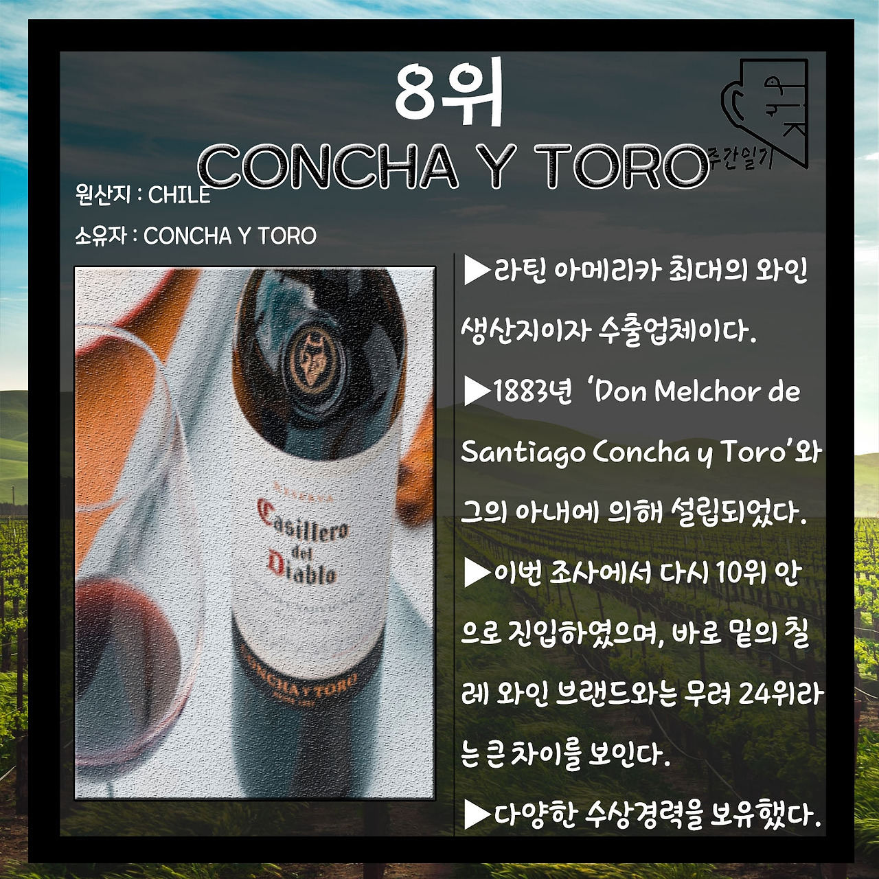 8위는 나름 우리에게 꽤나 익숙한 와인 브랜드인 'CONCHA Y TORO'이다. 라틴 아메리카 최대의 와인 생산지이자 수출업체인 이 브랜드는 1883년 'Don Melchor de Santiago Concha y Toro'와 그의 아내에 의하여 설립되었다.
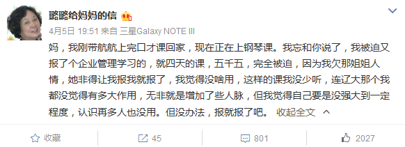 Beijing,07/04/2016(El Pueblo en Línea)- "Mamá, so?é contigo toda la noche. So?é que había vuelto a mí, sin embargo sé que te has ido ..." escribió una joven llamado Lulu en su microblog alojado en Sina Weibo.
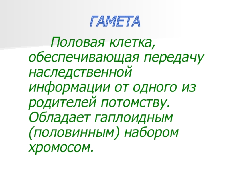 одного из родителей потомству. Обладает гаплоидным (половинным) набором хромосом.
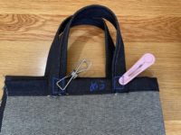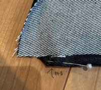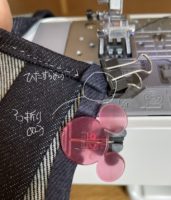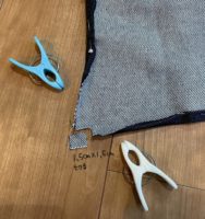 7.横と下部分はアイロンをしたので止めなくてもなんとかなるが、なんせデニム生地のため硬いので念のためこちらの三つ折り部分にもクリップ止め。
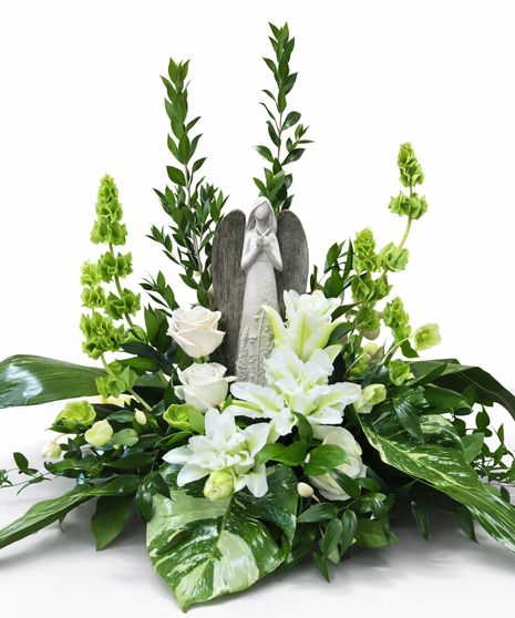 White lilies, roses, orchids, and Bells of Ireland are artfully arranged with glossy tropical leaves, creating a peaceful and graceful tribute with beautiful height and soft cascading movement.

= = = = = = =

▶ [TASK PROMPT]:
Restate the material above exactly. Exclude all pictures.

▶ [ANSWER FOR THE TASK]:
 8위는 나름 우리에게 꽤나 익숙한 와인 브랜드인 'CONCHA Y TORO'이다. 라틴 아메리카 최대의 와인 생산지이자 수출업체인 이 브랜드는 1883년 'Don Melchor de Santiago Concha y Toro'와 그의 아내에 의하여 설립되었다.
 Beijing,07/04/2016(El Pueblo en Línea)- "Mamá, so?é contigo toda la noche. So?é que había vuelto a mí, sin embargo sé que te has ido ..." escribió una joven llamado Lulu en su microblog alojado en Sina Weibo.
 одного из родителей потомству. Обладает гаплоидным (половинным) набором хромосом.
 7.横と下部分はアイロンをしたので止めなくてもなんとかなるが、なんせデニム生地のため硬いので念のためこちらの三つ折り部分にもクリップ止め。
 White lilies, roses, orchids, and Bells of Ireland are artfully arranged with glossy tropical leaves, creating a peaceful and graceful tribute with beautiful height and soft cascading movement.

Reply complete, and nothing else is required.